DATA EXTRACT section start

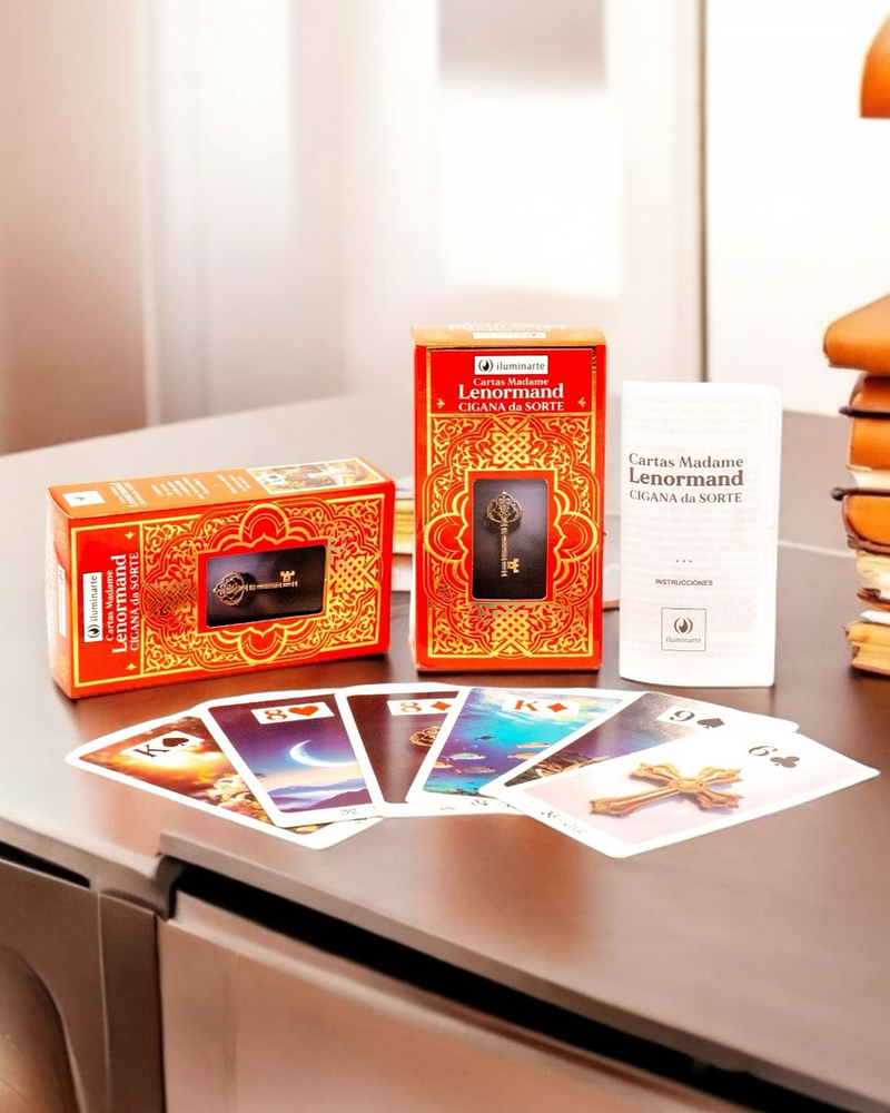 Un mazo de cartas de tarot inspiradas en el famoso oráculo de Madame Lenormand, con ilustraciones detalladas y simbologĂa rica en significado para consultas de adivinaciĂłn y autoconocimiento.
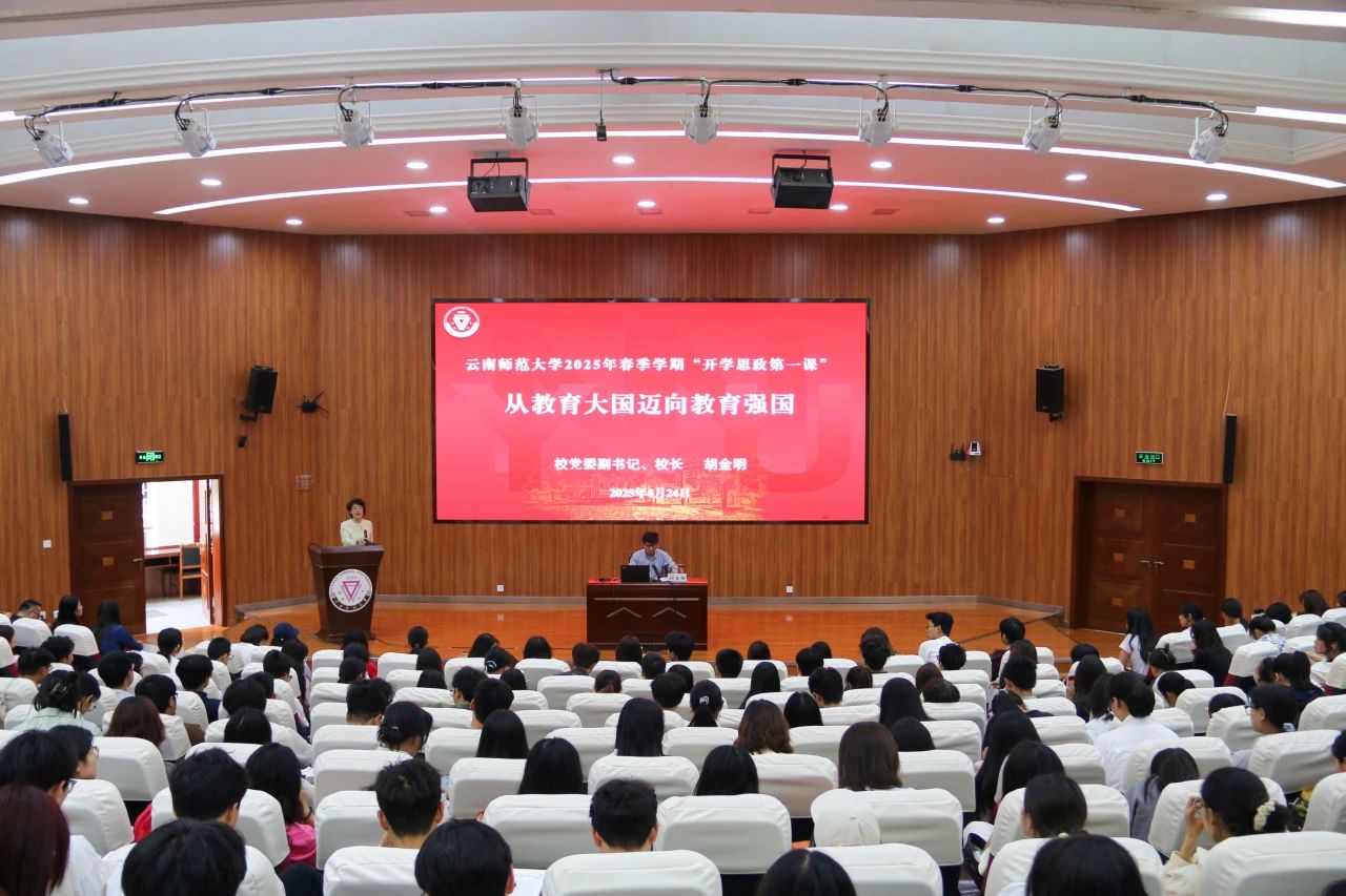 4月24日,2025年春季学期“开学思政第一课”在呈贡主校区汇学楼2-101报告厅开讲。校党委副书记、校长胡金明以《从教育大国迈向教育强国》为主题,从“新中国教育发展知多少、国际视野看中国教育发展现状、新时代云南教育发展知多少、教育强国建设目标任务、云南教育强省建设目标任务、云师大‘双教协同’助力云南教育强省建设”六个方面展开,为师生讲授了一堂意义深刻、催人奋进的思政课。
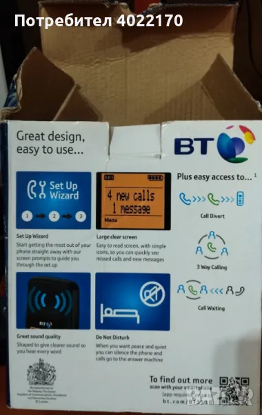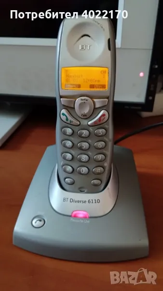 4. BT (British Telecom) DIVERSE 6110 - Ползван до преди време в Англия, включен в ел. мрежата светва, работи с 2 бр. зареждащи се батерии ААА (не са включени такива в цената). Комплект с адаптер за ток с английски щепсел и телефонен кабел . Цена 8 евро.
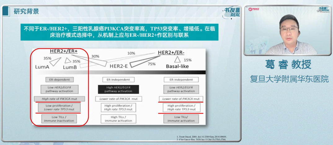 葛睿教授在讲课中指出,三阳性乳腺癌(HR+/HER2+)是一种独特的分子亚型,占所有乳腺癌的10%左右,占HER2阳性乳腺癌的50%,但不同于ER-/HER2+,三阳性乳腺癌PI3KCA突变率高,TP53突变率、增殖低。在临床治疗模式选择中,从机制上看与ER-/HER2+应作区别与联系。

DATA EXTRACT section end

[BRIEF]
Exactly as they appear, transcribe the lines from the top of the material above through the line with "4. BT (British". Omit any picture.

[ANSWER SECTION]
 Un mazo de cartas de tarot inspiradas en el famoso oráculo de Madame Lenormand, con ilustraciones detalladas y simbologĂa rica en significado para consultas de adivinaciĂłn y autoconocimiento.
 4月24日,2025年春季学期“开学思政第一课”在呈贡主校区汇学楼2-101报告厅开讲。校党委副书记、校长胡金明以《从教育大国迈向教育强国》为主题,从“新中国教育发展知多少、国际视野看中国教育发展现状、新时代云南教育发展知多少、教育强国建设目标任务、云南教育强省建设目标任务、云师大‘双教协同’助力云南教育强省建设”六个方面展开,为师生讲授了一堂意义深刻、催人奋进的思政课。
 4. BT (British Telecom) DIVERSE 6110 - Ползван до преди време в Англия, включен в ел. мрежата светва, работи с 2 бр. зареждащи се батерии ААА (не са включени такива в цената). Комплект с адаптер за ток с английски щепсел и телефонен кабел . Цена 8 евро.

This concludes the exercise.